A Member of Parliament for Birmingham has warned the city's council may not be able to provide promised funding for the Commonwealth Games in 2022 because of financial difficulties caused by the coronavirus pandemic.
Liam Byrne, one of the city's representatives in the United Kingdom Parliament told the country's Government today that the pandemic had cost the city council £164 million ($205 million/€182 million), as reported by the Birmingham Mail.
"Coronavirus has created a significant risk to the local authority contribution," Byrne said.
"There is now a very dangerous fiscal situation around the Commonwealth Games."
Byrne also backed calls for Birmingham City Council and other authorities in the area to be allowed to impose a £1 ($1.25/€1.11) per night tax on hotel guests, in order to help fund the Games, however the Government has rejected the idea.
The Games, taking place in Birmingham in England, are estimated to cost £778 million ($974 million/€865 million).
Yesterday the Commonwealth Games Federation announced a 24-hour shift in the dates for Birmingham 2022, which will now run from July 28 to August 8 2022.
The majority of the funding for Birmingham 2022 is set to come from the UK Government, with £184 million ($230 million/€204 million) coming from Birmingham City Council and other local bodies.

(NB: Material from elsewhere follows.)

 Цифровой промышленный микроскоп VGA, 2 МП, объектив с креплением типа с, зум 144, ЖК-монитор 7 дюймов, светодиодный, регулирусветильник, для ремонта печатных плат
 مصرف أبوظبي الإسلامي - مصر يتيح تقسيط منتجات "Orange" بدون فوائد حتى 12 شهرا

Birmingham City Council has been pushing for the introduction of a temporary hotel tax, which it believes could raise up to £5 million ($6.2 million/€5.5 million), however the Government rejected the idea, saying it would "undermine" the hospitality sector, which has been badly hit by the lockdown introduced in March as a result of the coronavirus pandemic.
I asked the Government today to change their draft law for the Commonwealth Games - to insist the Organising Committee become an accredited Real Living Wage Employer.— Liam Byrne (@liambyrnemp) June 11, 2020
To their great shame, the Tory ministers refused.

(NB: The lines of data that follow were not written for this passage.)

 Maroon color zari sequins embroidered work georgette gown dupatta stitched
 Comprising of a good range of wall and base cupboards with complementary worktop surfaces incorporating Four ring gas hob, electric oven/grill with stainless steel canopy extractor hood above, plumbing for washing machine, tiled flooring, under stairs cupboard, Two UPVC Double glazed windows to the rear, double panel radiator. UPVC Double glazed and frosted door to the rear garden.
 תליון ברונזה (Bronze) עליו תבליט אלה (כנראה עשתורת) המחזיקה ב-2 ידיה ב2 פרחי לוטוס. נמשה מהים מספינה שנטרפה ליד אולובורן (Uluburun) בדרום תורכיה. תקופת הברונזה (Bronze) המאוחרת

Here’s the case I made... pic.twitter.com/XQnqrifFtu
Culture Minister Nigel Huddleston said: "I cannot see how an additional tax would help.
"It would discourage people from staying overnight in Birmingham during the Games.

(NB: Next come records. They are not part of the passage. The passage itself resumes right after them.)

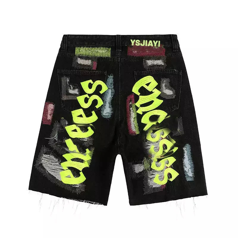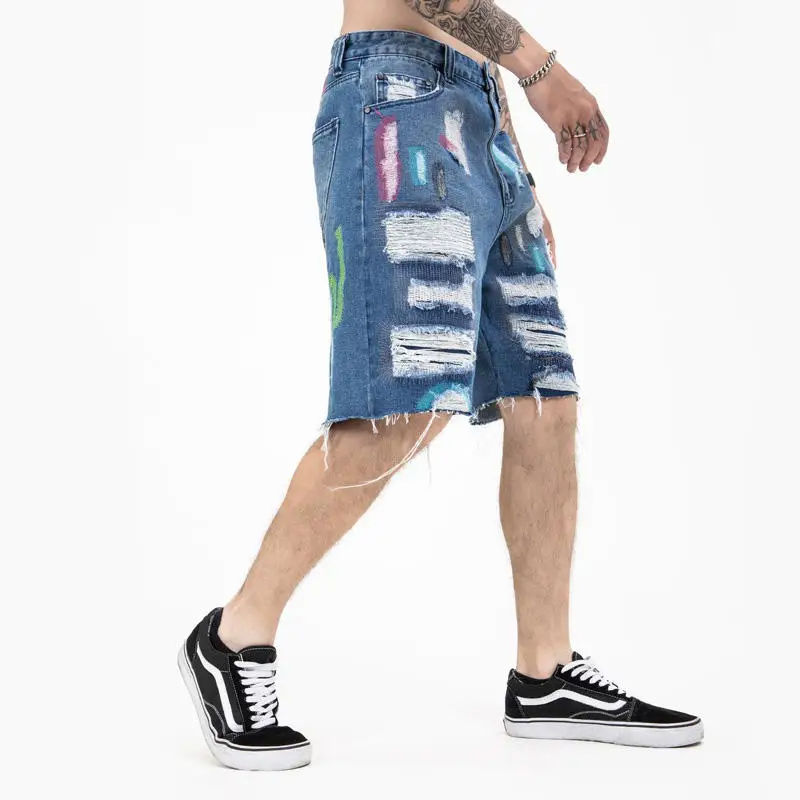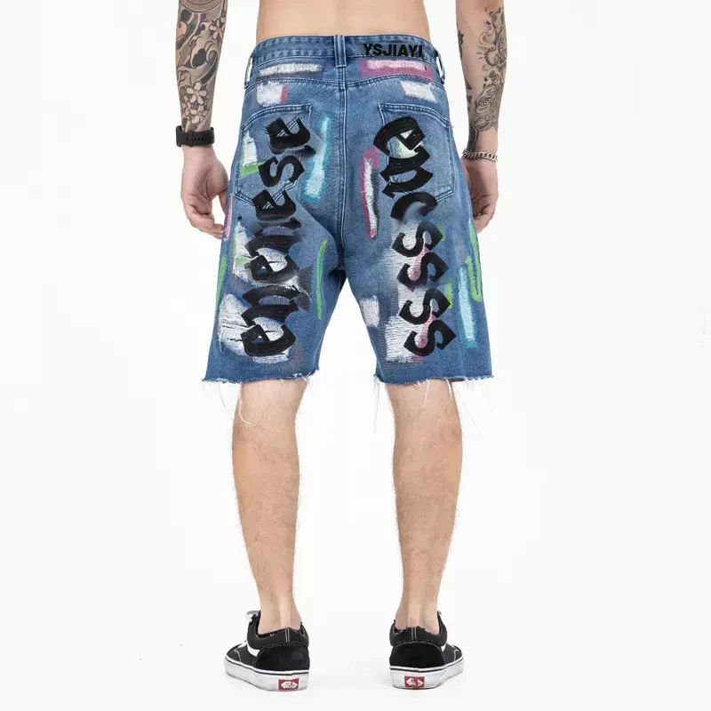 กางเกงขาสั้นผ้ายีนส์ผู้ชายแนวสตรีทแวร์ลำลองฤดูร้อนปักลายกระดุมกลางเอวตกแต่งสไตล์กางเกงยีนส์สไตล์แฟนหนุ่ม
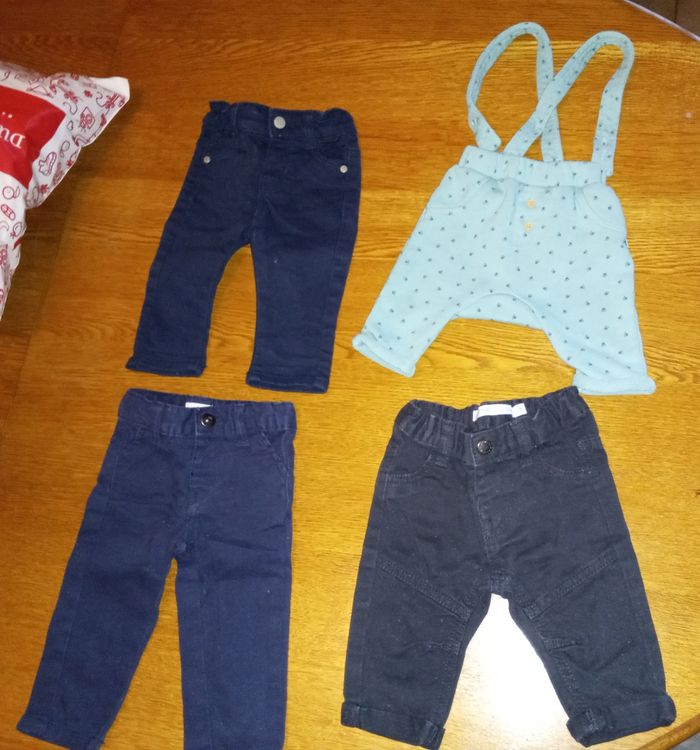 Vend : - 3 pantalons jeans garçon 3 mois - 1 salopette souple - 1 tee-shirt manche longue En très bon état Le tout taille 3 mois.
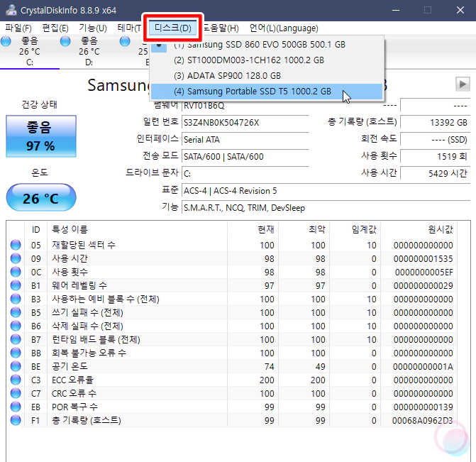 사용 시간 확인을 원하는 SSD를 PC에 연결하고 설치된 CrystalDiskInfo를 실행한 다음 상단의 디스크-연결한 SSD를 선택하면 해당 디스크에 대한 정보가 나타납니다.
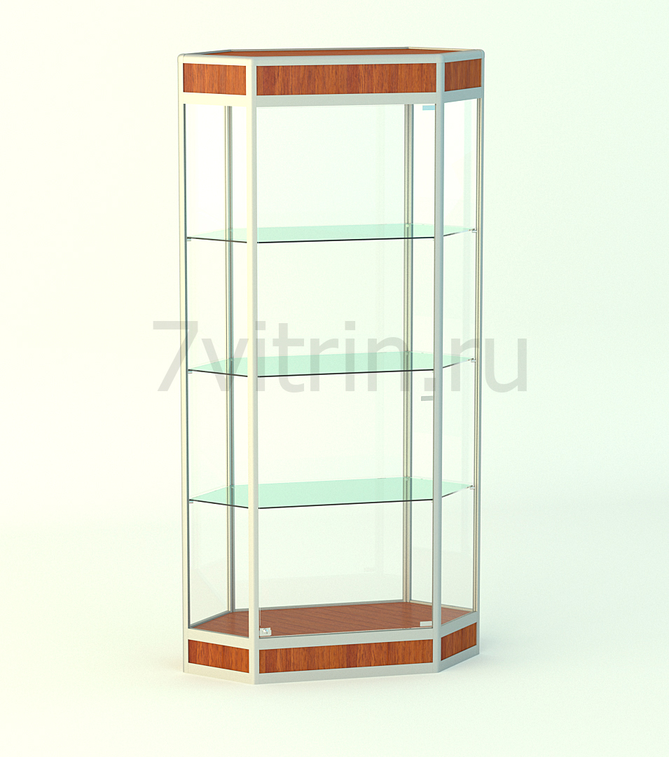 Витрина из каркаса алюминиевого профиля. Размер 2000х400х1000мм. Фриз высотой 150мм. Подиум высотой 300мм. Стеклянные полки толщиной 6мм. Двери в стеклянной части из стекла 5мм. Механизм распашной. Замок для стекла - накладной. Задняя стенка - стекло, хдф, зеркало (Выбор опционально). В комплектацию может входить подсветка, дополнительные полки. Цвет Профиля -матовое серебро, цвет облицовки - на выбор. Размеры витрин можно изменить.

"A £1 a night tax would not be the end of it, it would be another pound and another pound."
After Huddleston had spoken against the hotel tax plan, Byrne responded: "If the Minister has got a better way of de-risking what is now a very dangerous fiscal situation around the Commonwealth Games then let's hear it."
The Government also rejected a suggestion by the country's main opposition party, Labour, to amend the Commonwealth Games Bill so that it would require Birmingham and other neighbouring councils to impose charges on hotel rooms and short-term rentals for the duration of the Games.
Calls for laws to ensure the Birmingham 2022 Organising Committee became a recognised living wage employer were also rejected by the Government.
If this had been granted, it would have required organisers to ensure everyone involved with the event in a working capacity was paid a minimum of £9.30 ($11.64/€10.34) each hour.
The Commonwealth Games Bill, discussed today, is set to become law soon.
When this happens it will ensure that Games organisers comply with Government rules on spending, make it an offence for businesses or organisations to give a false impression they are connected to the event if they are not official sponsors, make it an offence to sell unauthorised tickets to events and prevent unauthorised advertising and trading near to Games venues.
The bill is also set to grant the Transport Secretary powers to make temporary changes to local roads, to help spectators, athletes and Games officials to get to the event, while also ensuring the city's residents can get around on their daily business.